İkinciye geçmek için henüz çok erkendi. Esmer kız ellerini
arkasından ağırca öne doğru alırken Kahil’in başı hala yukarıdaydı. Okunu biraz
daha gerdi. Her şey bir saniye içerisinde olmuştu. Kızın elleri tuttuğu cisimle
birlikte karnında birleştiğinde Kahil’in oku onların hemen yanında ki ağaca
saplanmıştı. Şimdi ikisi de gerilmiş hızlı nefesler alıyorlardı. Hızla
sırtındaki siyah çantadan bir ok daha alıp yaya yerleştirdi. Bu sadece uyarıydı
yoksa şimdiye karar ıskaladığı hiç görülmemişti.
“Sadece yardım istemek için geldik.” Dedi kız. Elleri
titriyordu ancak solmuş saman kağıdını bir yandan ona doğru uzatmıştı.
“Aç kâğıdı.” Dedi Kahil. İkinci kural.
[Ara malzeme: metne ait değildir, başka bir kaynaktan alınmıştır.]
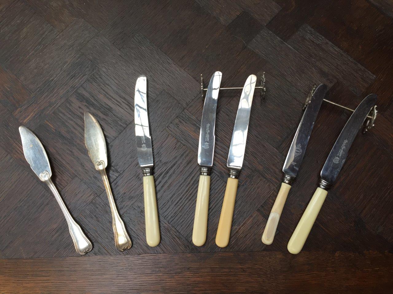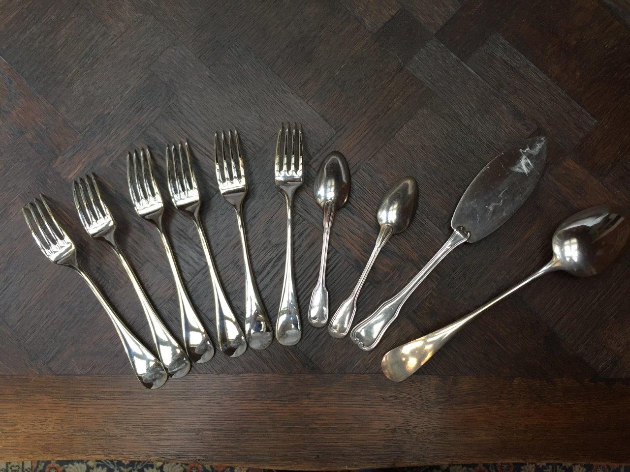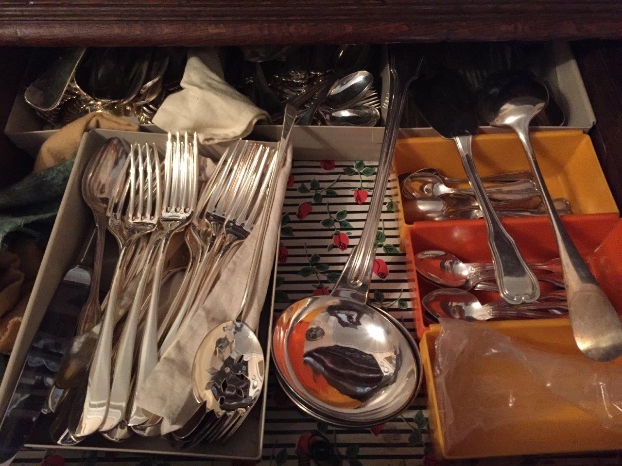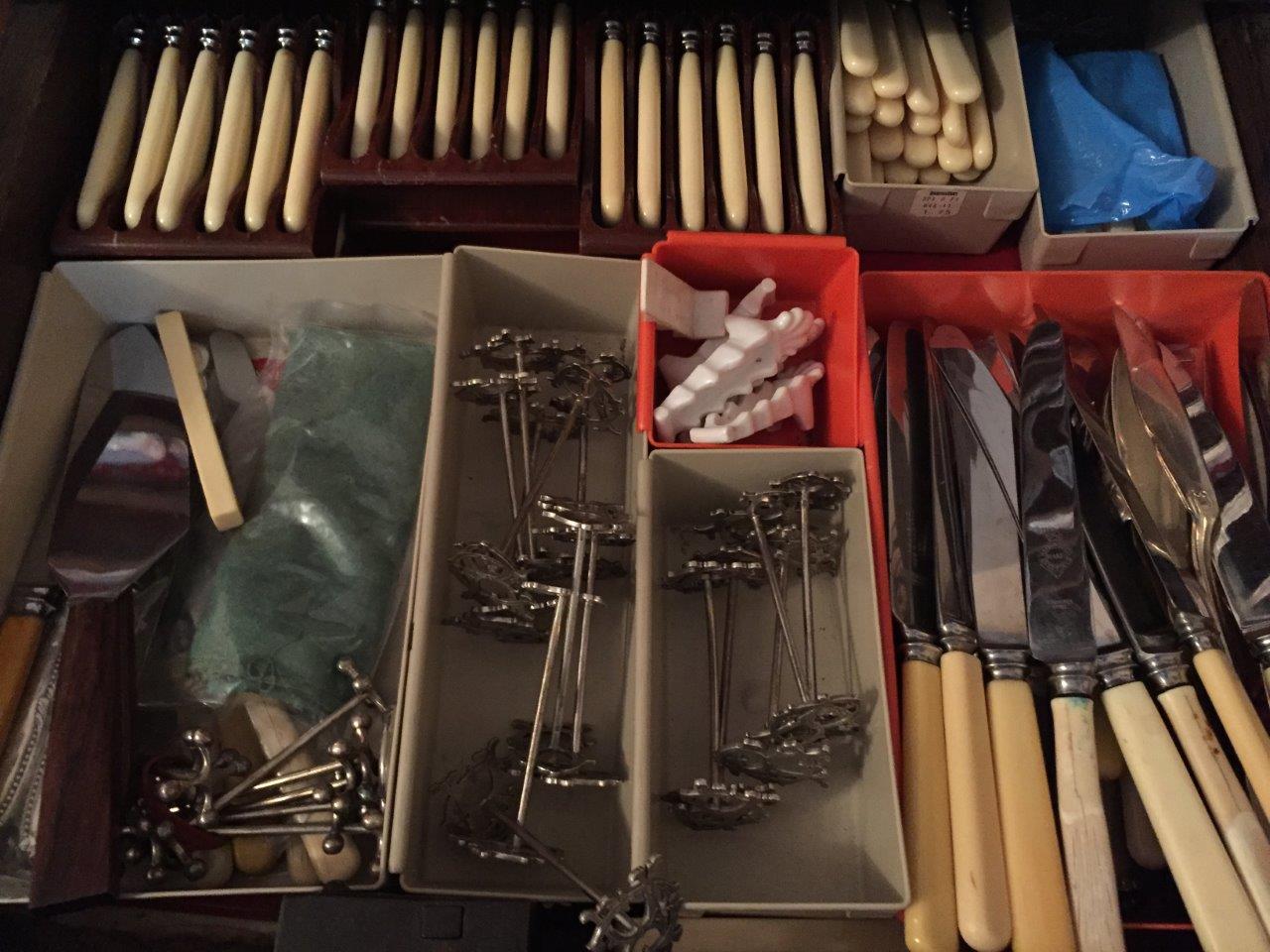 ENSEMBLE de pièces en MÉTAL ARGENTÉ dans les tiroirs du BUFFET du SALON comprenant notamment : une SUITE de COUTEAUX au manche à l'imitation de la corne, PORTE-COUTEAUX, PASSE-THÉ, COUVERTS À POISSON, PELLE À GATEAU, SUITE de COUVERTS modèle uniplat, LOUCHES, PELLE à GATEAU, COUVERTS à DESSERT modèle filet contour.

Titreyen ellere ve
korkmuş bakışlara aldanma. Kahil çaylak değildi. Uzun zamandır şehrin dış
surlarından ormanın bitişine kadar olan noktayı kendi mıntıkası gibi koruyordu.
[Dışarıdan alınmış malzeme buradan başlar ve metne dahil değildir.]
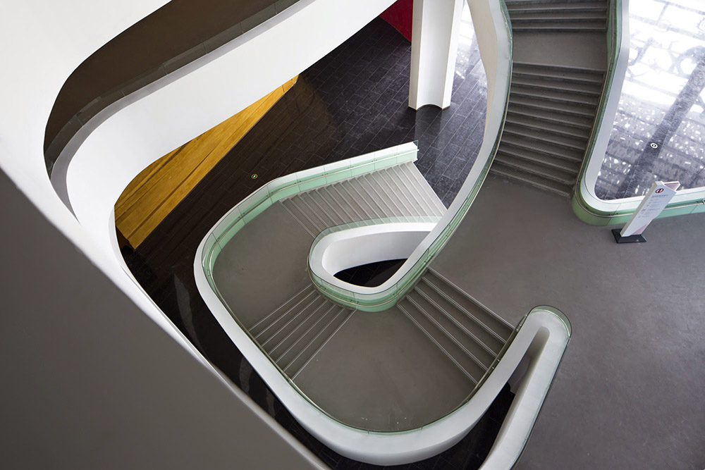文化中心的所有樓層被大型休息廳連為一體,休息廳以藍(lán)色與紅色的墻壁與中國戲劇臉譜圖像歡迎到訪的客人。不同樓層之間用白色帶狀造型的走道連接。整體建筑中金屬制造的,由數(shù)以萬計的獨立鋁片組成流線型屋頂尤為突出。(幼兒園室內(nèi)設(shè)計)

Yaklaşık üç yıldır. Rütbesi de bu nedenle üç çembere eşitti. Rana’nın şehrinde
insanın dış dünyaya açılan parçası ellerdi. Sadece dokunsal olarak en gelişmiş
vücut parçası olmasıyla tanımlanmayı hak etmiyordu. Burada; kendini ifade
etmenin, kim olduğunu kanıtlamanın, gücün bir göstergesiydi. Yani ellerindeki
dövmeler birçok şeyi simgeliyordu. Ancak buraya ait olmayan kızın titreyen
cılız elleri kâğıdı uzatırken merhamet istediğini gösteriyordu, başka hiçbir
anlam çıkarmamanız gereken bir işaret. Kahil kâğıtta yazanları bu mesafeden
okuyamıyordu, yine de hepsinin altındaki kırmızı mühür oldukça netti. Yıllarca
ezilen halk kendini kurtarmaya çalışmıştı. İçlerinde zenginler, zekiler,
çalışkanlar ya da bir şekilde sefil olan diğerlerinin arasından sıyrılmayı
başaranlar başka yurtlar aramak için yola koyulmuştu. Hala umudun olduğunu
düşündükleri yerlere doğru koşmayı denemişlerdi. Savaş çoğu yerde yıllar önce
bitmişti ancak bazı yerler aradan geçen tüm zamana rağmen kendi iç düzenini
kurmayı başaramamıştı. Halk sefillik içinde kimsenin birbirine aldırış
etmeyeceği bir şekilde yaşıyordu. Tüm odunların kül olduğu kamp ateşinin
aslında sönmeyip, en dipte bir kozdan usulca gri bir duman olarak sızışı
gibiydi. Tabi bu durum savaşın bittiği yerlerinde iyi halde olduğunu
kanıtlamıyordu. Dünya üzerinde binlerce yıl yaşanmıştı. İnsanoğlu her devirde
kendi sonunu getirmek için uğraştıysa da hiçbir dönem böylesi kanlı bir
atmosfere şahit olmamıştı, hiçbir zaman bu kadar insan ölmemişti.
Belli bir düzen şimdi
de vardı. Kaosun ve kasırganın ortasında duran bir masa ile sandalye gibi eğreti
bir sistemdi. Asla yerini bulamamış yaşamlar oradan oraya koşturuyorlardı. İşte
yeni bir çift yaşam daha karşısında duruyordu. Tamamen Kahil’in ve onun
dudaklarından dökülecek birkaç kelimenin insafına kalmıştı. Yepyeni, umut dolu
bir dünyanın kapılarının onlar için açılmasını bekliyorlardı. Ellerinden gelen
her şeyi yapmaya hazırlardı. İçgüdü işte.
“Düşün önüme.” Dedi
Kahil. Onlar önüne doğru geçtiğinde, birkaç adım atıp ağaçtaki oku sertçe
tutarak çekmeyi ve çantasına koymayı ihmal etmedi. Ancak bunları o kadar doğal
bir biçimde yapmayı öğrenmişti ki üzerindeki siyah hırkanın fermuarını yukarı
çekerken gelebilecek bir saldırıya da karşılık vermeye hazırdı. “Yürüyün
bakalım, derdiniz neymiş öğrenelim.” At kuyruğu yapılmış uzun siyah sıkı
saçları da attığı her adımda onlarla birlikte hareket ediyordu.